### ACTIVITY
The listing that follows should be copied in full and exactly, with no pictures.

### SUPPLIED DATA
*** Block opens ***
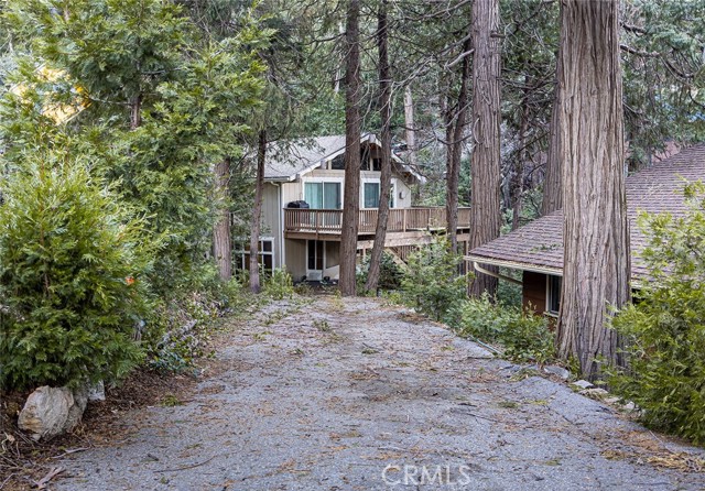 First time on the market! This spacious and welcoming home is ready to be your mountain retreat. A long driveway offers plenty of parking, leading to just 13 steps down to the deck and front door—step inside and feel right at home. The main level features an open-concept kitchen with generous storage, dishwasher, and microwave, flowing into a nicely sized living room with a cozy fireplace and sliding glass doors that open to the deck—perfect for relaxing or entertaining. Down the hallway you’ll find a full bathroom and two comfortable bedrooms. 5 steps down from entry way, you will find a Large storage closet. Continue down the stairs to a very large bedroom with its own fireplace, a ¾ bathroom, laundry room, and a versatile bonus room ideal for crafting, a home office, or whatever suits your needs. A door on this level provides access outside to the back of the home, with additional storage located behind the house. Conveniently located close to town, restaurants, Goodwin’s, Lake Gregory, and more. Bonus: enjoy watching the fireworks right from your own home!
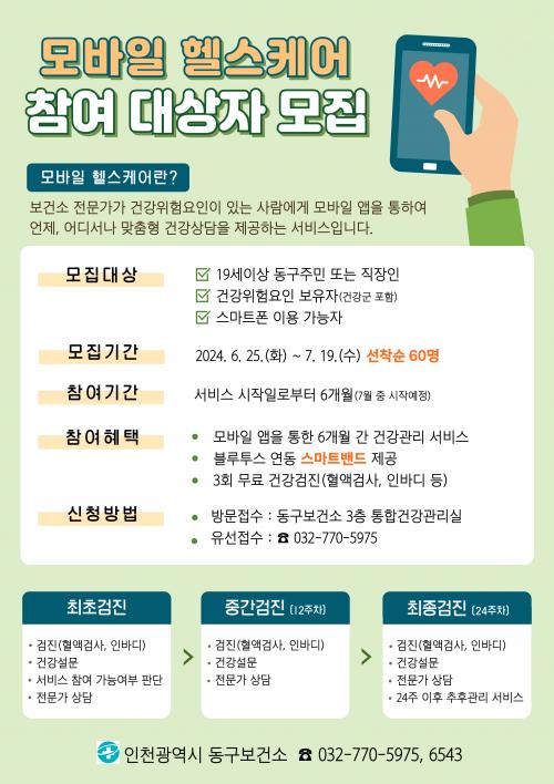[½Åµ¿¾Æ¹æ¼Û ÀÎõ= À±¹Î½Ä±âÀÚ] ÀÎõ µ¿±¸(±¸Ã»Àå ±èÂùÁø)´Â Ç÷¾Ð, Ç÷´ç ¹× °íÁöÇ÷Áõ µî °Ç°­À§Çè¿äÀÎÀÌ ÀÖ´Â ÁÖ¹ÎÀ» ´ë»óÀ¸·Î 7¿ùºÎÅÍ 24ÁÖ°£ ¸ð¹ÙÀÏÇコÄÉ¾î »ç¾÷À» ¿î¿µÇÑ´Ù°í ¹àÇû´Ù. ÀÌ »ç¾÷Àº Áö¿ªÁÖ¹ÎÀÇ ÀÚ°¡ °Ç°­°ü¸® ´É·Â Çâ»óÀ» µ½±â À§ÇØ º¸°Ç¼Ò Ç÷§Æû¡¦
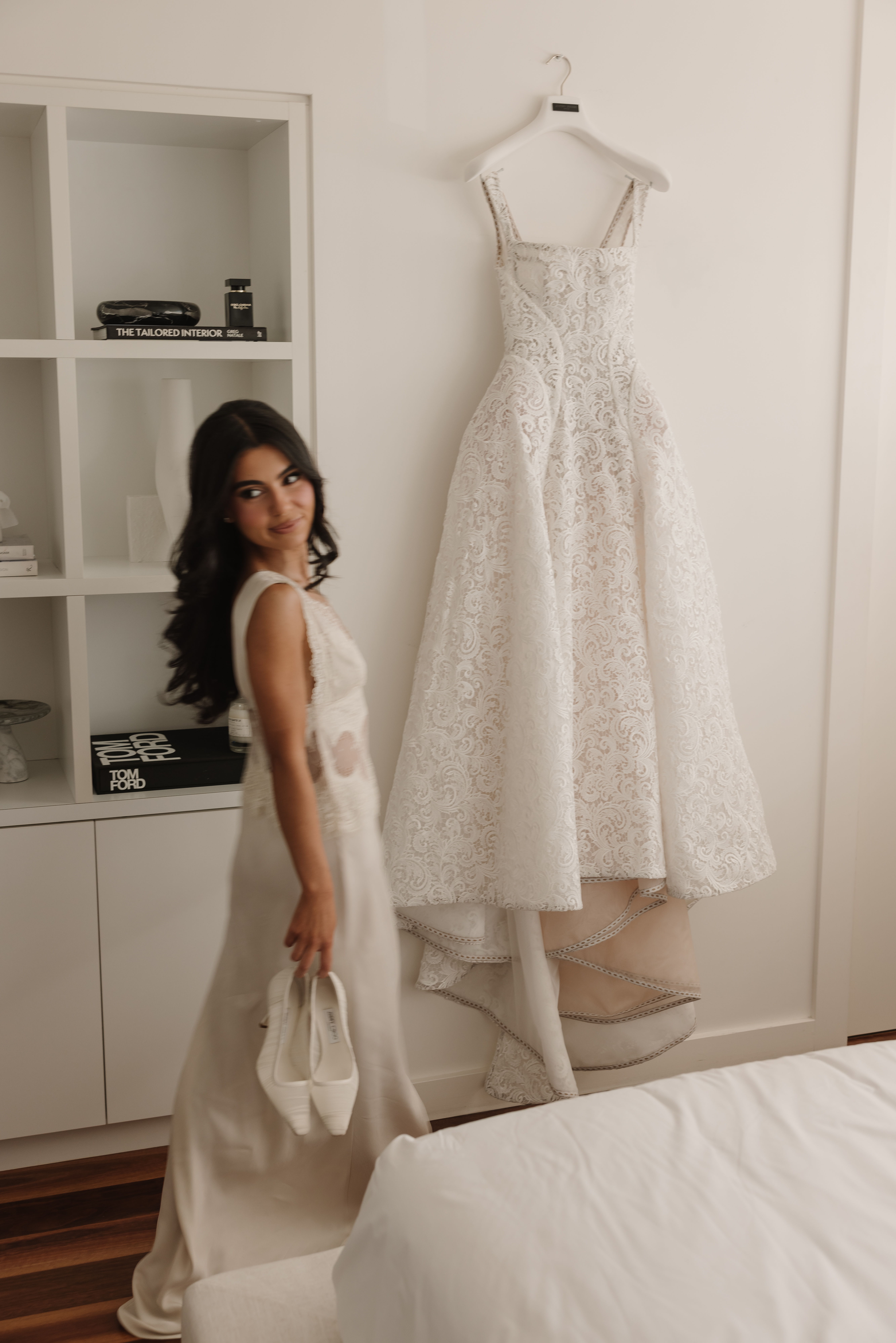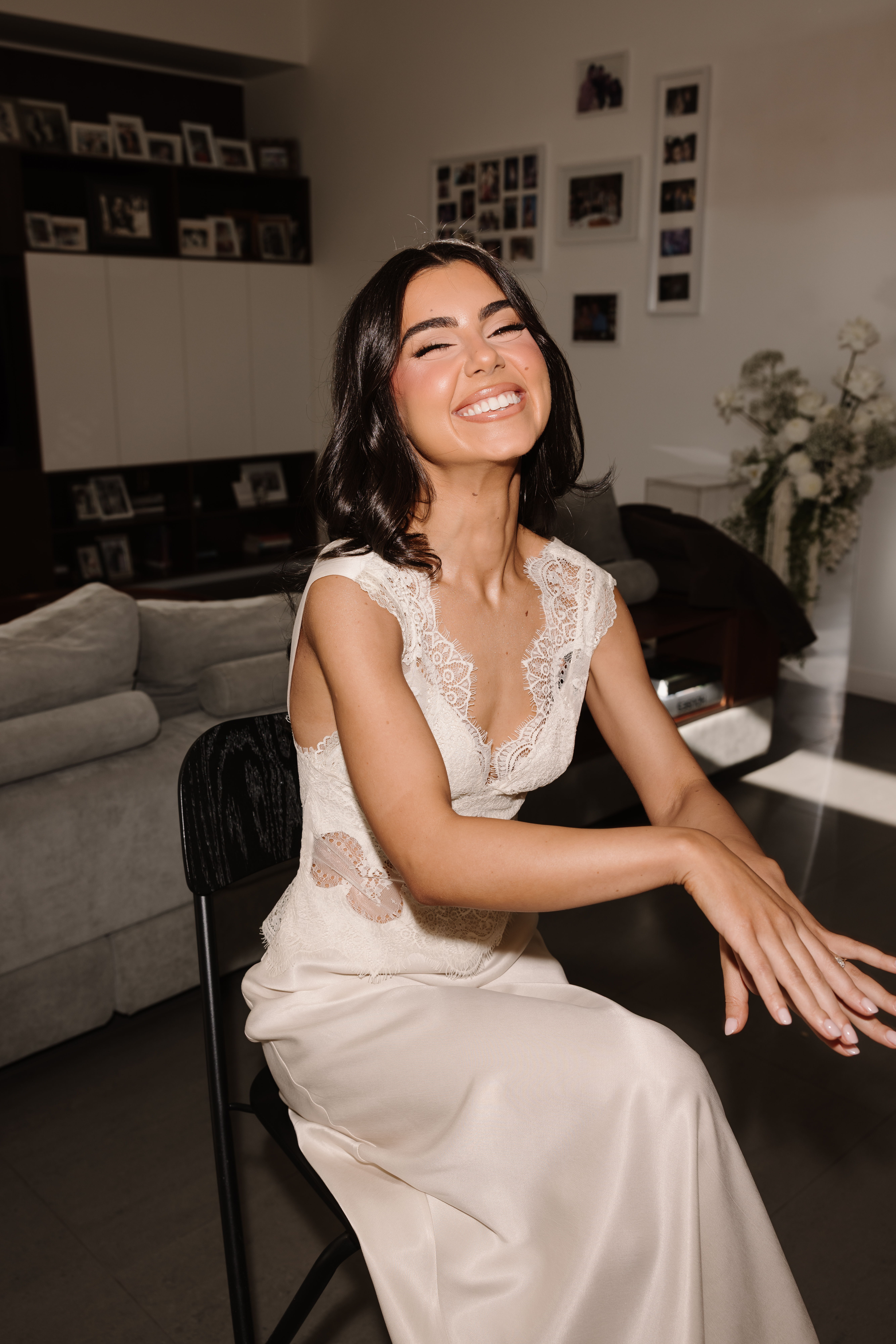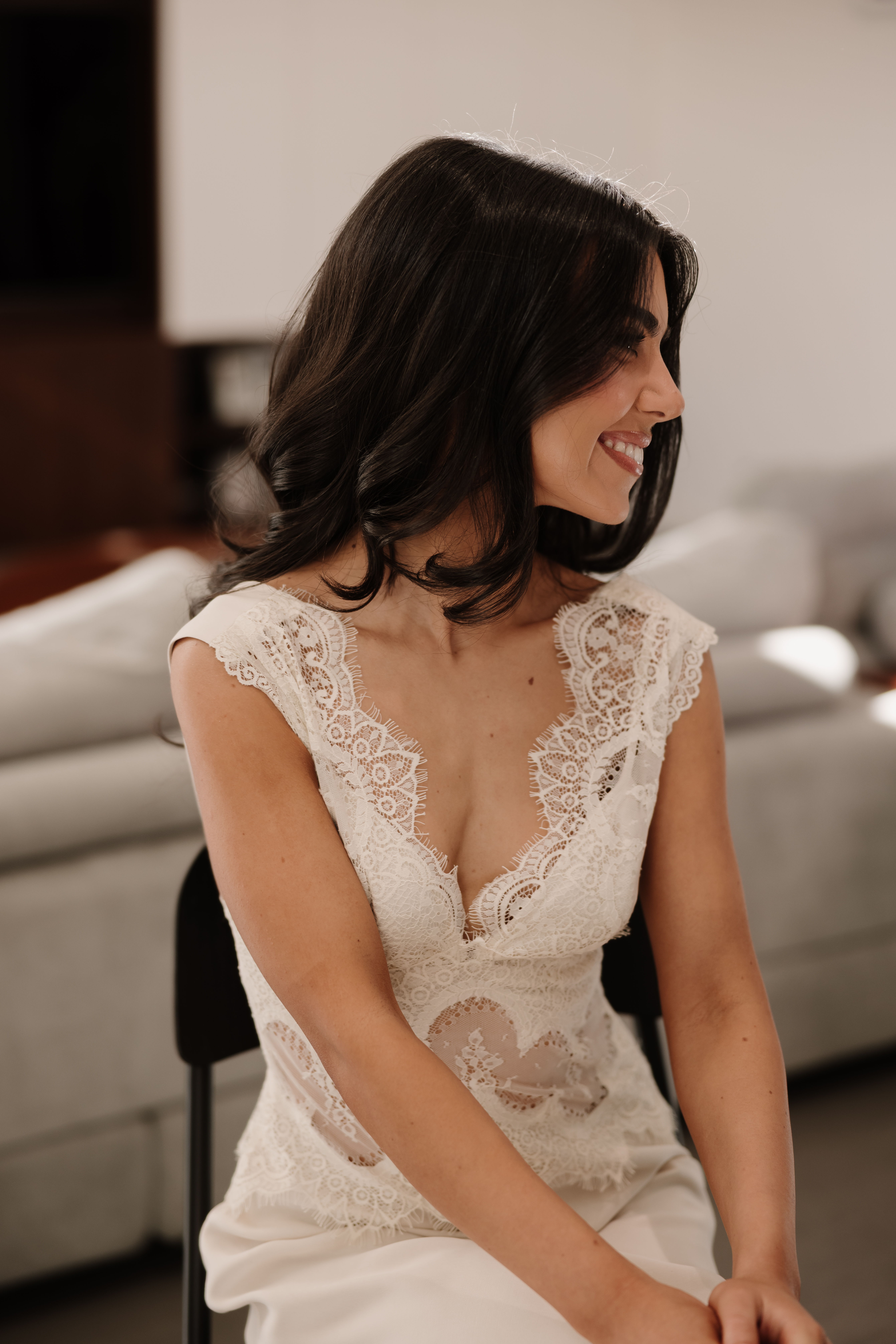 Initially, I was set on wearing a silk long-sleeve top and pants set for the morning-of, but the moment I tried on the Visions Lace Dress, that idea went out the window. The lace tied in beautifully with my wedding dress, but in its own completely different, softer way. It felt cohesive without being overly matching. Once I found that, everything else fell into place. I ended up choosing a slip dress with lace detailing for my bridesmaids, and together the textures, tones, and silhouettes all tied in perfectly across the entire morning.
*** Block closes ***
### FINISHED EXERCISE
 First time on the market! This spacious and welcoming home is ready to be your mountain retreat. A long driveway offers plenty of parking, leading to just 13 steps down to the deck and front door—step inside and feel right at home. The main level features an open-concept kitchen with generous storage, dishwasher, and microwave, flowing into a nicely sized living room with a cozy fireplace and sliding glass doors that open to the deck—perfect for relaxing or entertaining. Down the hallway you’ll find a full bathroom and two comfortable bedrooms. 5 steps down from entry way, you will find a Large storage closet. Continue down the stairs to a very large bedroom with its own fireplace, a ¾ bathroom, laundry room, and a versatile bonus room ideal for crafting, a home office, or whatever suits your needs. A door on this level provides access outside to the back of the home, with additional storage located behind the house. Conveniently located close to town, restaurants, Goodwin’s, Lake Gregory, and more. Bonus: enjoy watching the fireworks right from your own home!
[½Åµ¿¾Æ¹æ¼Û ÀÎõ= À±¹Î½Ä±âÀÚ] ÀÎõ µ¿±¸(±¸Ã»Àå ±èÂùÁø)´Â Ç÷¾Ð, Ç÷´ç ¹× °íÁöÇ÷Áõ µî °Ç°­À§Çè¿äÀÎÀÌ ÀÖ´Â ÁÖ¹ÎÀ» ´ë»óÀ¸·Î 7¿ùºÎÅÍ 24ÁÖ°£ ¸ð¹ÙÀÏÇコÄÉ¾î »ç¾÷À» ¿î¿µÇÑ´Ù°í ¹àÇû´Ù. ÀÌ »ç¾÷Àº Áö¿ªÁÖ¹ÎÀÇ ÀÚ°¡ °Ç°­°ü¸® ´É·Â Çâ»óÀ» µ½±â À§ÇØ º¸°Ç¼Ò Ç÷§Æû¡¦
 Initially, I was set on wearing a silk long-sleeve top and pants set for the morning-of, but the moment I tried on the Visions Lace Dress, that idea went out the window. The lace tied in beautifully with my wedding dress, but in its own completely different, softer way. It felt cohesive without being overly matching. Once I found that, everything else fell into place. I ended up choosing a slip dress with lace detailing for my bridesmaids, and together the textures, tones, and silhouettes all tied in perfectly across the entire morning.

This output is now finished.